A little later he stopped and stood over his friend.
 
“I have fought battles that may as well be forgotten,” he said
deliberately. “I have won them, over and over, to no end whatever. I
have assumed that these victories would lead in time to a sort of peace,
even to resignation. They have not. Each little victory now seems to
leave me further back. I’m losing, not gaining, through the years. It
was when I finally nerved myself to face that fact that I found myself
facing it all--my whole life.... Henry, I’m full of a fire and energy
that no longer finds an outlet in my work. I want to turn to new fields.

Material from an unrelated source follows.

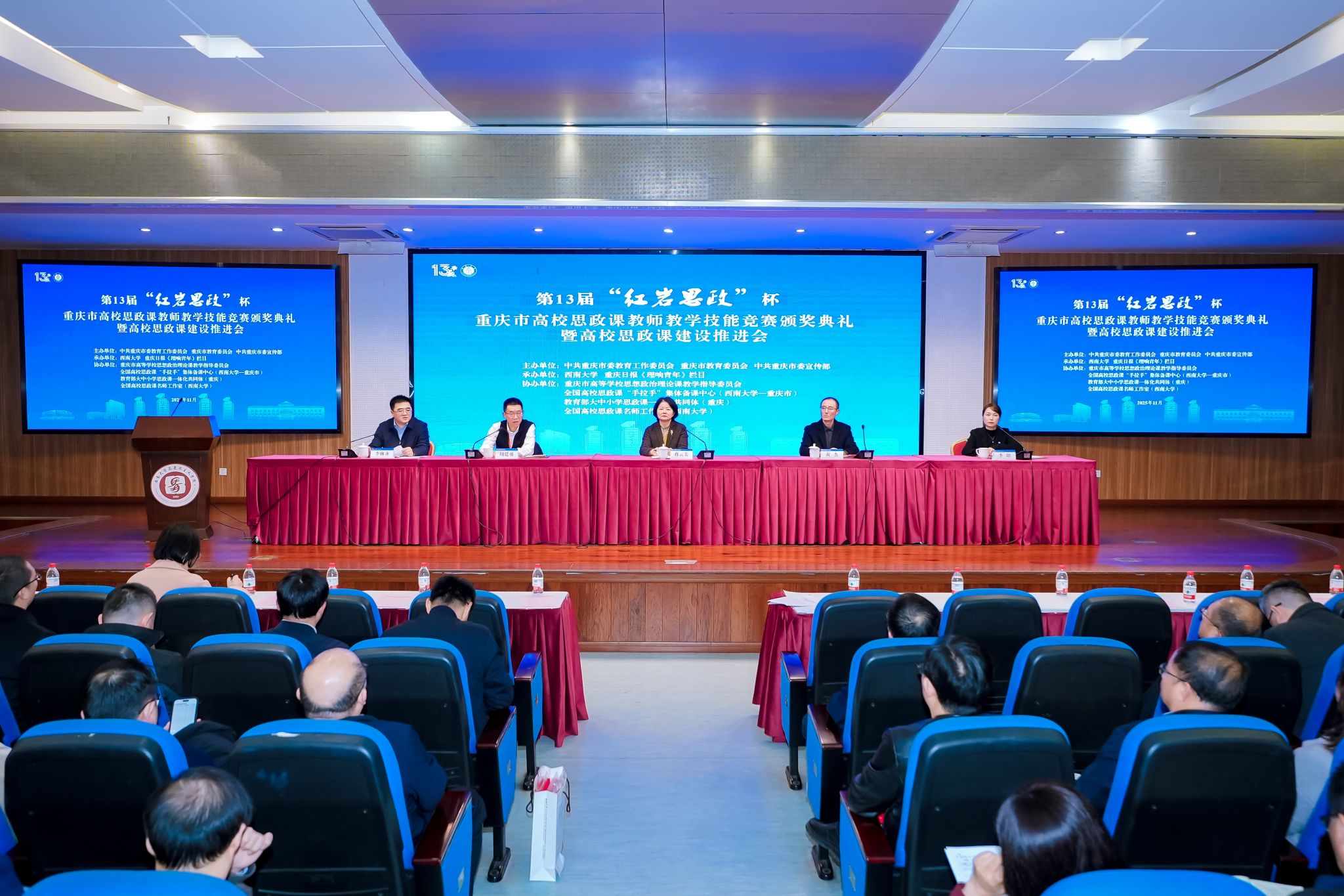 会议由中共重庆市委教育工作委员会、重庆市教育委员会、中共重庆市委宣传部主办,西南大学、重庆日报《理想青年》栏目承办,重庆市高等学校思想政治理论课教学指导委员会、全国高校思政课“手拉手”集体备课中心(西南大学—重庆市)、教育部大中小学思政课一体化共同体(重庆)、全国高校思政课名师工作室(西南大学)协办。

If I don’t, before it’s too late, I may find myself on the rocks.”
 
Withery thought this over. Doane was still pacing the floor. Withery,
pale himself now, looked up.
 
“Perhaps, then,” he said, “you had better break with it.”
 
Doane stopped at the window; stared out. Withery thought his face was
working.
 
“Have you any means at all?” he asked.
 
Doane moved his head in the negative.... “Oh, my books. A few personal
things.”
 
“Of course”--Withery’s voice softened--“you’ve given away a good deal.”
 
“I’ve given everything.”
 
“Hum!... Have you thought of anything else you might do?”
 
Doane turned. “Henry, I’m forty-five years old. I have no profession,
no business experience beyond the little administrative work here. Yet
I must live, not only for myself, but to support my little girl. If I do
quit, and try to find a place in the business world, I shall carry to my
grave the stigma that clings always to the unfrocked priest.” He strode
to the door. “I tell you, I’ve thought of everything!... We’re getting
nowhere with this. I appreciate your interest. But... I’m sorry, Henry.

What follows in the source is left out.